How else could those "business models" have justified the extra cost of producing SNG, and the loss of about 10% of the syngas heating value in the process?
If in fact the project design had already been changed, and requests for permit modifications were duly filed, why wasn't that noted in the EPA order of December, 2009 along with other permit history?
As it turned out, due to the long delay in KDQA action on the permit modifications, the EPA order would appear to be totally irrelevant, and a waste of time, since the main objection to the permit (failure to consider natural gas as the primary fuel) was already a moot point.
Why didn't the KDAQ act in a more timely manner instead of waiting until after the EPA order to issue a new permit? Was not the original permit already invalidated by the change in design filed in 2008?
Again, "anonymous" is invited to add further comment to help clarify these issues.
Finally, the comment points out that the EPA order "seemed to go out of its way to praise IGCC" as a cleaner alternative to conventional coal-based power generation.
That may be true. And it may also true that the EPA is now selectively reviewing existing permits for conventional coal plants to decide whether IGCC should be included in the BACT analysis.
True, all of this may be positive for IGCC.
But if IGCC power projects continue to cave under the pressure (be it economical or environmental), and convert to "hybrid IGCC" or "SNG-NGCC", then, as we said at the outset of yesterday's posting, this very well could mean the end of the IGCC concept as we know it.

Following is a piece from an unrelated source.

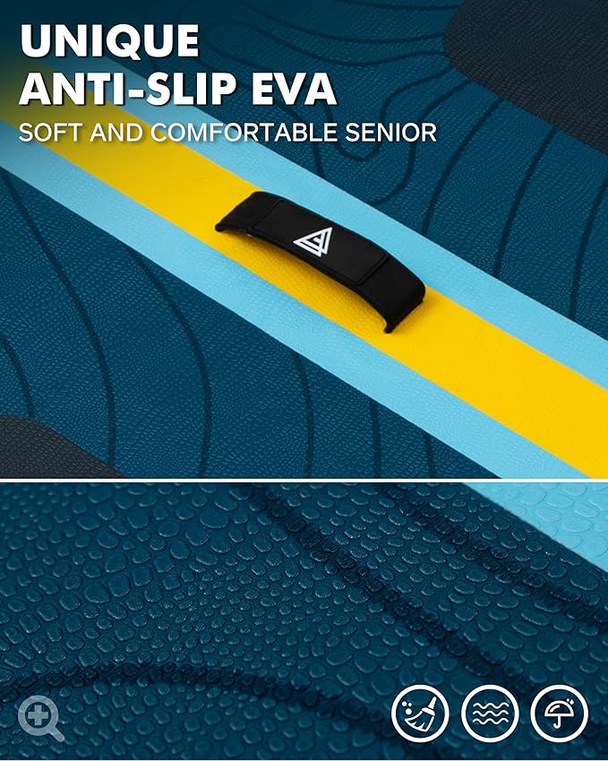 - 【Outdoor Partner Easy-to-Carry】 Inflatable surfboard set comes with a doulbe action hand pump that is easy to inflate or deflate in minutes, can be carried anywhere for all-around use. Suitable for various water environments such as sea, lakes, rivers. It's a perfect companion for yoga, surfing, snorkeling, fishing, traveling, touring etc. Waterproof phone bag, kayak seat,5L waterproof dry storage bag, oxford large 100L carry bag,shoulder strap, wrench are all included.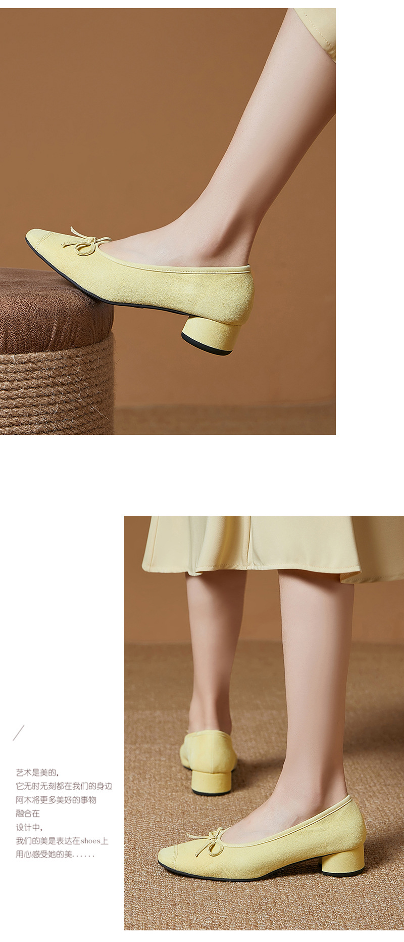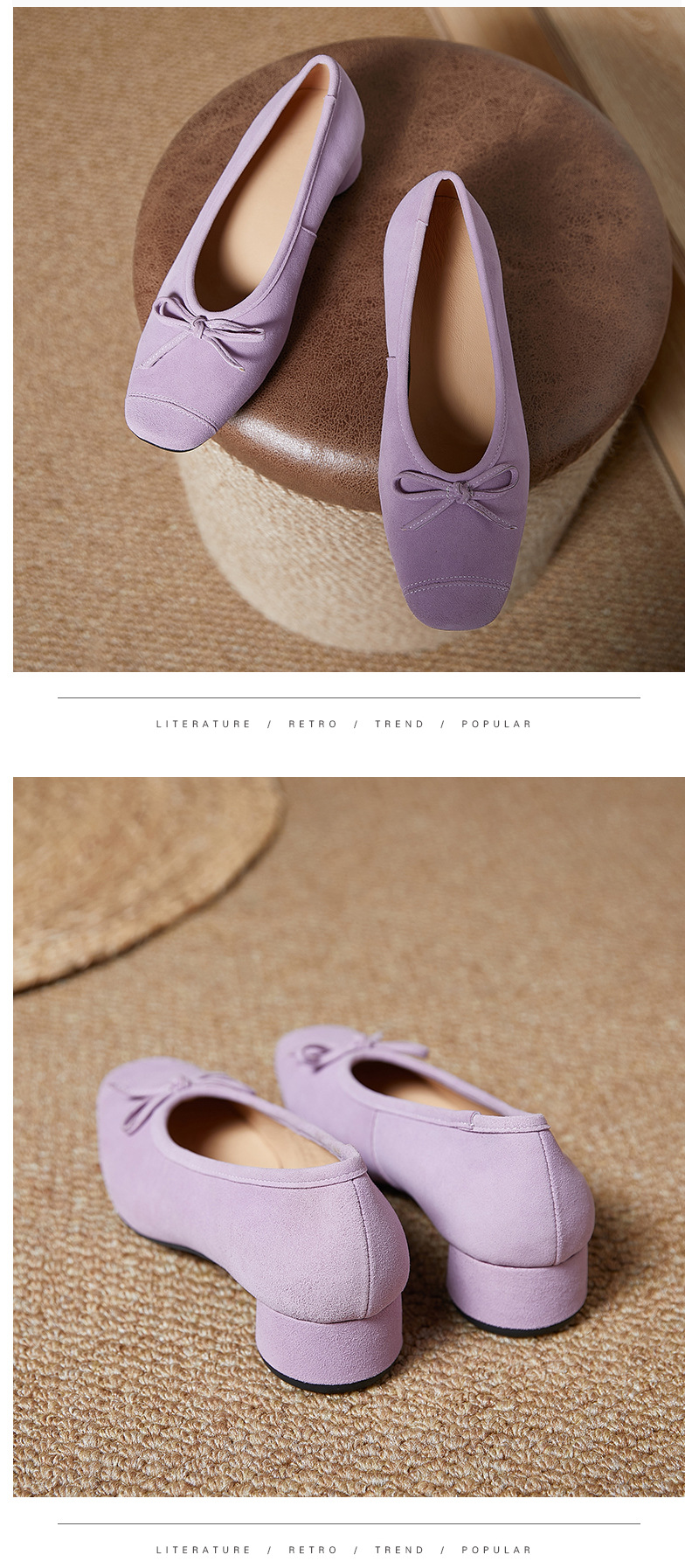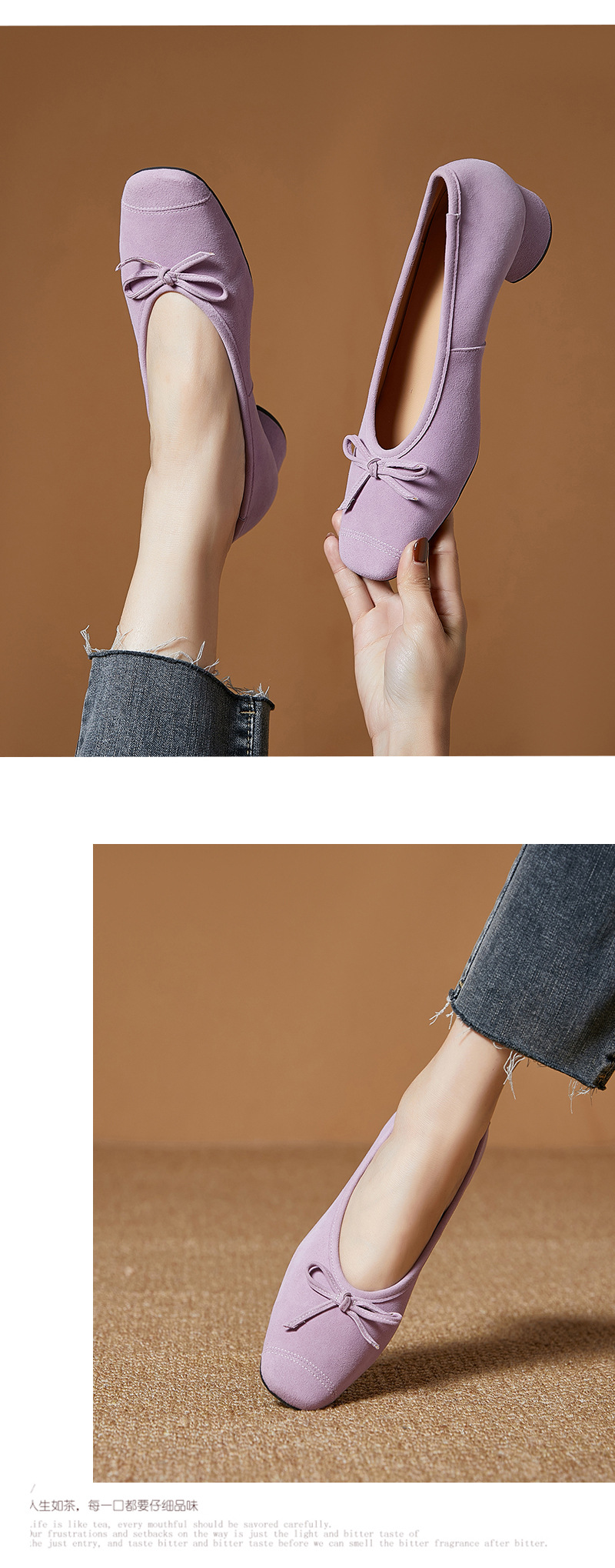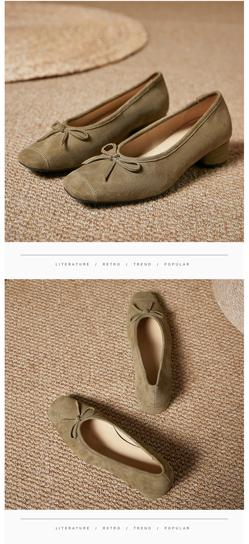 2025春夏新款粗跟浅口女鞋!蝴蝶结羊绒面时尚仙女绿色芭蕾舞鞋!

Text of anonymous comment to original posting:
The developers of Cash Creek made the decision to switch from IGCC to SNG with a co-located NGCC plant in 2008-- some 12 -18 months before the December 2009 EPA objection letter to the original IGCC permit.
The plant's developers filed air permit and water permit modifications to the original IGCC permit in 2008, and hearings on both of the modifications were held months before the EPA objection letter was received.
So I think the article misses the point on the letter. The technology change from IGCC to SNG-NGCC was driven by business models, not by some EPA-imposed permit letter.
KY regulators had 90 days to respond to the December 2009 objection letter. They could have agreed with EPA and voided the permit, modified the existing permit, or issued a new one. Because the developers had long before filed applications for a different technology and the permitting process was so advanced, KY addressed the question by issuing the new air permit.
What EPA intended to say about IGCC in the objection letter is open to some debate. I respect the opinions of those in industry that see it as an attack on coal, but I read the letter differently. The EPA seemed to go out of their way to praise IGCC in the letter, stress this wasn't about coal, and only about documentation in the record.
Time will tell what EPA really intended.